CBS    Exec: Failed to download FOD from WU, retry onece. [HRESULT = 0x800f0954 - CBS_E_INVALID_WINDOWS_UPDATE_COUNT_WSUS]

Some solutions online seemed to suggest temporarily switching the Windows Update source in the registry to Windows Update (online) rather than WSUS, but editing the registry this way and upsetting the software update system seemed… unwise.

I ended up doing it a different way: downloading the Features on Demand DVD ISO from the Volume Licensing Service Center (in my case, SW_DVD9_NTRL_Win_10_1903_64Bit_MultiLang_FOD_1_X22-01658.ISO), mounting the ISO and using this modified version of Martin Bengtsson’s script to install the components from that ISO without contacting Windows Update.

With any luck, this might help someone else.

Going Lower-Level

I just released, on GitHub, IdleTaskTerminatorLite, my first foray into the lower-level world of programming directly with the Win32 API.

We use an old custom shutdown.exe (BeyondLogic Shutdown) to provide a timed screen lock feature, where a user is notified their screen will lock in a period of time and can cancel the locking of the workstation.

Clicking the Cancel button within the time limit, however, seems unnecessary and requires precisely clicking the Cancel button when the user is under time pressure! This is not a good user experience. A simple change to the idle state of the machine (any keypress or mouse movement) should cancel the timed locking of the workstation.

This lightweight background application detects user activity and forcibly kills the beyondlogic.shutdown.exe process, effectively cancelling the locking of the workstation without requiring the user to actually click Cancel.

This is currently rather ‘opinionated’ in that it specifically checks for hard-coded named processes running. It Works for Us(tm), but you may need to modify it for your environment. 😉

This whole solution is a little bit hacky, but it works. 😐

I had written something along these lines to terminate this workstation lock program in C#, but as a .NET process running in the background, you were looking at dozens of megabytes of RAM for something always running in the background. It felt thoroughly inefficient and unnecessary for something so simple.

I have always found myself honestly a little frightened of C and C++. Horror stories around coding securely, the undefined behaviour of doing ‘pointer stuff’ yourself… but this little project represented an opportunity to take this relatively rudimentary functionality and learn how to implement it the Win32 API directly in a C program — and in doing so, cut resource usage (hopefully) significantly.

So, I did. Using the oft-abused WH_KEYBOARD_LL hook (and its WH_MOUSE_LL cousin), I periodically update a counter as to the user’s last idle time. If the hook is called (i.e. the user is typing or moving the mouse) and it’s been long enough since we last noticed such interaction, I check for the beyondlogic.shutdown.exe process and, if present, kill it.

This began life as whatever Visual Studio template gave me a buildable project that let me work with the right APIs, so there is likely unnecessary stuff still present and it could be more lightweight still.
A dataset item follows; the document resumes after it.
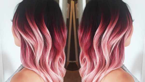В ряде случаев присутствуют плавные перетекания цветов, а в других контрастные. Омбре может отличаться либо резкой границей светлого и темного, либо естественным и ярким броским колором. При использовании нескольких оттенков на темных волосах можно сделать красивый фиолетовый низ, а на светлых – розовый.
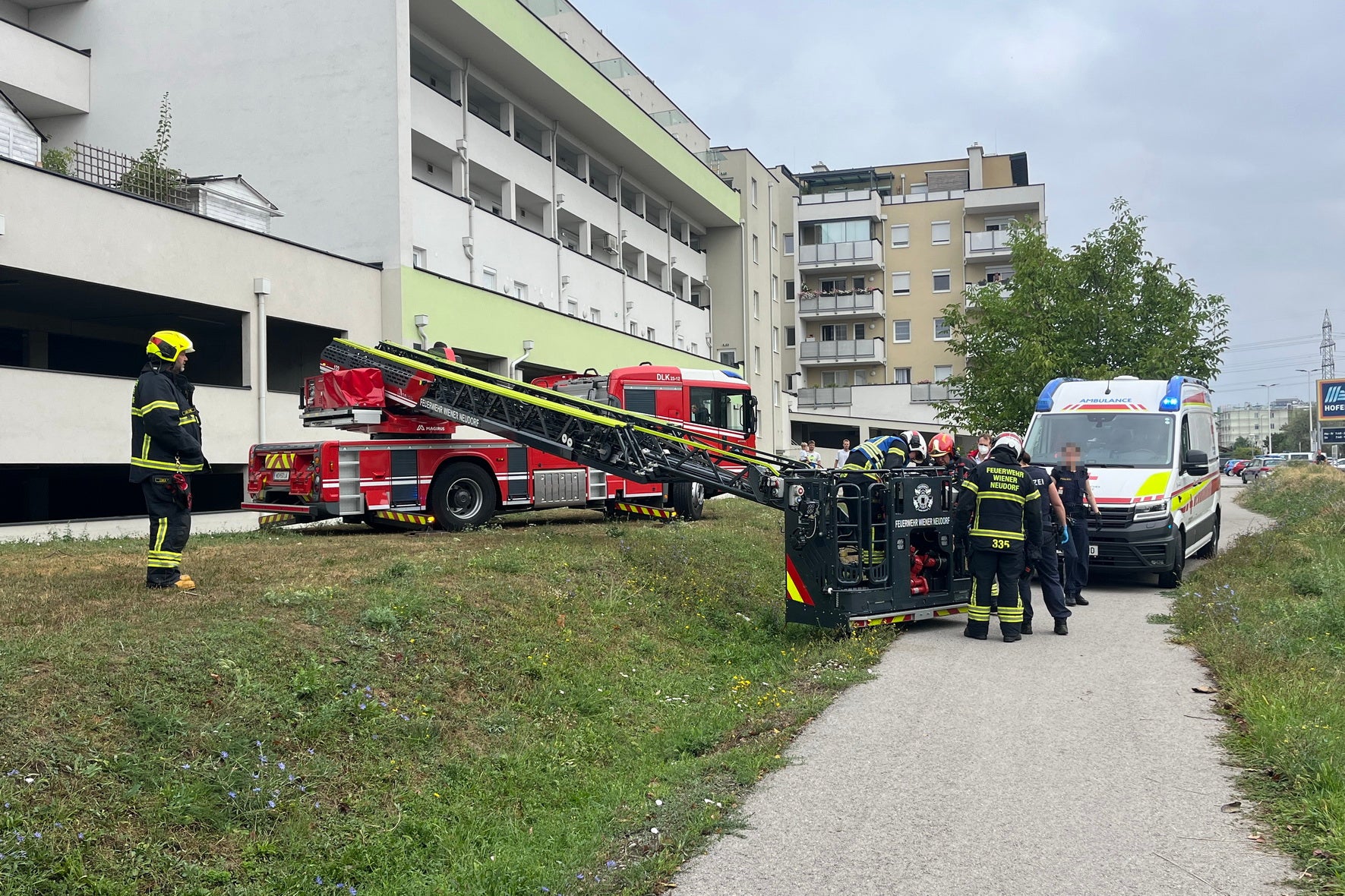 Wie sich herausstellte, waren die Gesuchten - zwei Slowaken (41 und 43) - auf das geflüchtet. Der Ältere der beiden konnte mithilfe der Flugpolizei lokalisiert und festgenommen werden. Der Mann stolperte und verletzte sich und wurde mit Unterstützung der Freiwilligen Feuerwehr Wiener Neudorf mit einer Drehleiter vom Dach geholt und anschließend von der Rettung versorgt.

And, there’s a good chance I’ve made mistakes that need correcting, so please do get in contact if you’re willing to educate me in some small (or large) way!

I have tried to be particularly careful with buffers — string handling is either done with (I guess, inefficient) fixed-size buffers where I check what I put in will fit first, and I’ve tried to use the ‘safe’ string functions where possible too.

So, it’s a baby step towards working on more low-level projects. But, I’ve taken some action to tackle my pointer anxiety. 🙂

Maybe next the whole program should do the workstation locking, warning message and idle detection in one program.

Red Hat Certified System Administrator

This was a whole month and a bit ago, and I never got around to throwing it here on the site, but I will now announce that I am a Red Hat Certified System Adminstrator!